Troubleshooting
Troubleshooting connection
Connecting to MySQL with SSL
Here, we use the mysql
and pymysql
dialects to set up an SSL connection to a server, with all information taken from the SQLAlchemy docs.
To enforce SSL on the client without a client certificate, you may pass the following DSN:
sources.sql_database.credentials="mysql+pymysql://root:<pass>@<host>:3306/mysql?ssl_ca="
You can also pass the server's public certificate (potentially bundled with your pipeline) and disable host name checks:
sources.sql_database.credentials="mysql+pymysql://root:<pass>@<host>:3306/mysql?ssl_ca=server-ca.pem&ssl_check_hostname=false"
For servers requiring a client certificate, provide the client's private key (a secret value). In Airflow, this is usually saved as a variable and exported to a file before use. The server certificate is omitted in the example below:
sources.sql_database.credentials="mysql+pymysql://root:<pass>@35.203.96.191:3306/mysql?ssl_ca=&ssl_cert=client-cert.pem&ssl_key=client-key.pem"
SQL Server connection options
To connect to an mssql
server using Windows authentication, include trusted_connection=yes
in the connection string.
sources.sql_database.credentials="mssql+pyodbc://loader.database.windows.net/dlt_data?trusted_connection=yes&driver=ODBC+Driver 17+for+SQL+Server"
To connect to a local SQL server instance running without SSL, pass the encrypt=no
parameter:
sources.sql_database.credentials="mssql+pyodbc://loader:loader@localhost/dlt_data?encrypt=no&driver=ODBC+Driver 17+for+SQL+Server"
To allow a self-signed SSL certificate when you are getting certificate verify failed: unable to get local issuer certificate
:
sources.sql_database.credentials="mssql+pyodbc://loader:loader@localhost/dlt_data?TrustServerCertificate=yes&driver=ODBC+Driver 17+for+SQL+Server"
To use long strings (>8k) and avoid collation errors:
sources.sql_database.credentials="mssql+pyodbc://loader:loader@localhost/dlt_data?LongAsMax=yes&driver=ODBC+Driver 17+for+SQL+Server"
To fix MS SQL Server connection issues with ConnectorX:
Some users have reported issues with MS SQL Server and Connector X. The problems are not caused by dlt, but by how connections are made. A big thanks to Mark-James M for suggesting a solution.
To fix connection issues with ConnectorX and MS SQL Server, include both Encrypt=yes
and encrypt=true
in your connection string:
sources.sql_database.credentials="mssql://user:password@server:1433/database?driver=ODBC+Driver+17+for+SQL+Server&Encrypt=yes&encrypt=true"

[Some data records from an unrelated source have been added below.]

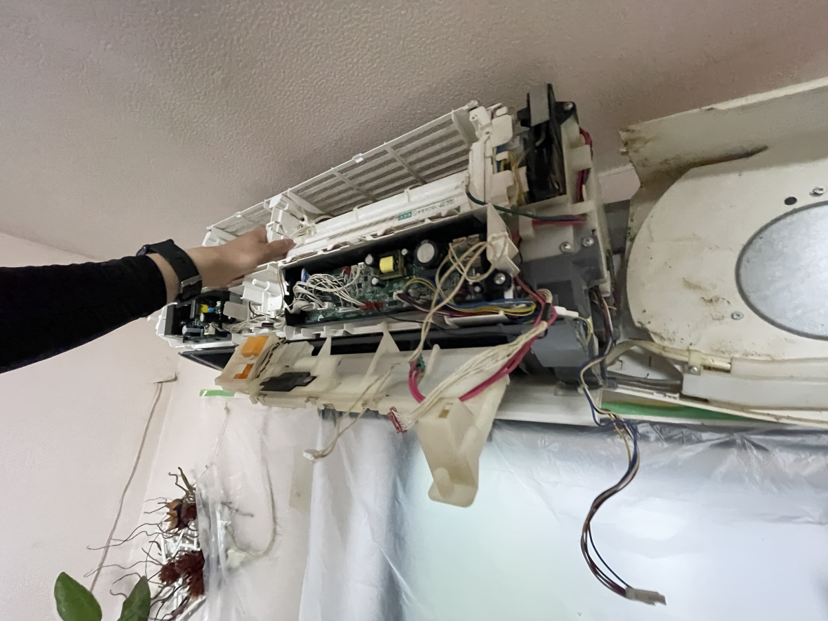 【春日井市】お掃除機能付きエアコンクリーニング!油がべっとり!サイドファン!
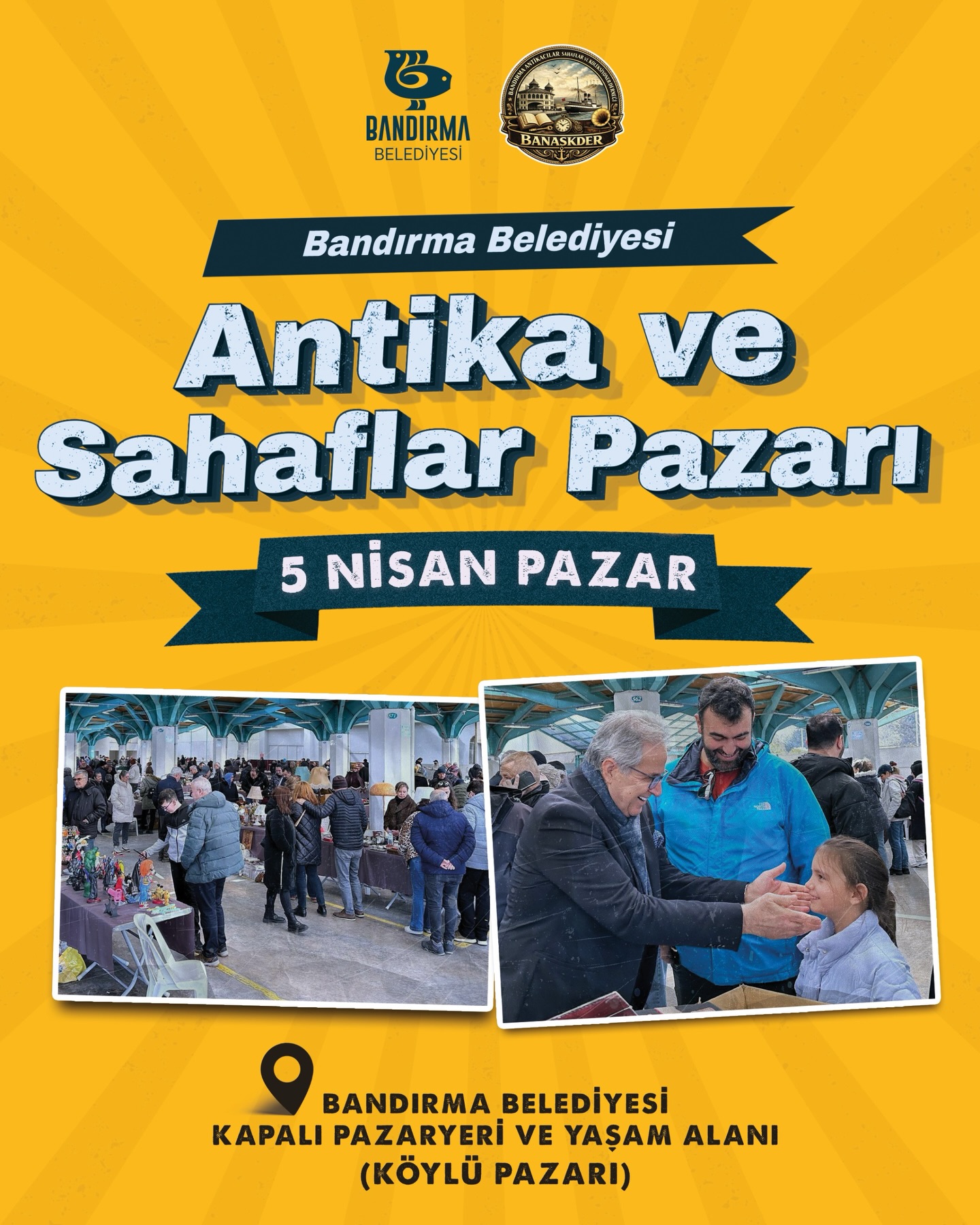 Bandırma Belediyesi ve Banaskder iş birliği ile düzenlenen Antika ve Sahaflar Pazarı koleksiyon meraklılarını, kitap tutkunlarını ve nostalji severleri bir araya getiriyor. Antika eşyalar, nadir kitaplar, plaklar ve daha fazlası sizleri bekliyor.
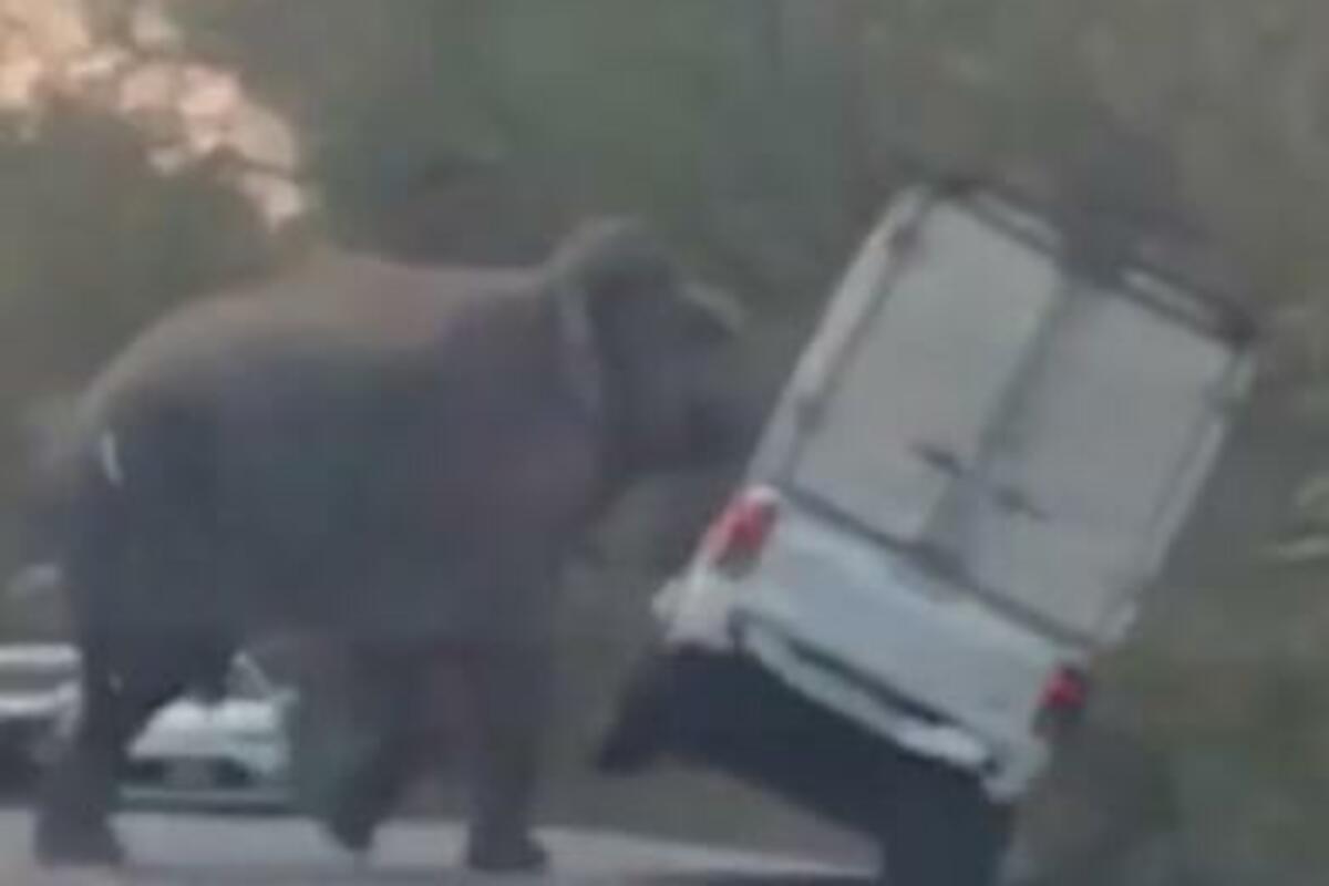 Nakon što je prevrnuo vozilo, slon je dalje nastavio svojim putem.
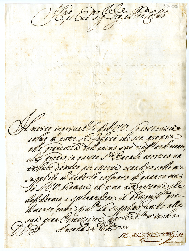 Lettera di Giovanni Ferretti ad Annibale Albani (1704 dicembre 14)

This approach can help resolve connection-related issues.
Troubleshooting backends
Notes on specific databases
Oracle
- When using the
oracledb
dialect in thin mode, we are getting protocol errors. Use thick mode or thecx_oracle
(old) client. - Mind that
SQLAlchemy
translates Oracle identifiers into lower case! Keep the defaultdlt
naming convention (snake_case
) when loading data. We'll support more naming conventions soon. Connectorx
is for some reason slower for Oracle than thePyArrow
backend.
See here for information and code on setting up and benchmarking on Oracle.
DB2
- Mind that
SQLAlchemy
translates DB2 identifiers into lower case! Keep the defaultdlt
naming convention (snake_case
) when loading data. We'll support more naming conventions soon. - The DB2 type
DOUBLE
gets incorrectly mapped to the Python typefloat
(instead of theSQLAlchemy
typeNumeric
with default precision). This requiresdlt
to perform additional casts. The cost of the cast, however, is minuscule compared to the cost of reading rows from the database.
See here for information and code on setting up and benchmarking on DB2.
MySQL
- The
SQLAlchemy
dialect converts doubles to decimals. (This can be disabled via the table adapter argument as shown in the code example here)
Postgres / MSSQL
No issues were found for these databases. Postgres is the only backend where we observed a 2x speedup with ConnectorX
(see here for the benchmarking code). On other db systems, it performs the same as (or sometimes worse than) the PyArrow
backend.
Notes on specific data types
JSON
In the SQLAlchemy
backend, the JSON data type is represented as a Python object, and in the PyArrow
backend, it is represented as a JSON string. At present, it does not work correctly with pandas
and ConnectorX
, which cast Python objects to str
, generating invalid JSON strings that cannot be loaded into the destination.
UUID
UUIDs are represented as strings by default. You can switch this behavior by using table_adapter_callback
to modify properties of the UUID type for a particular column. (See the code example here for how to modify the data type properties of a particular column.)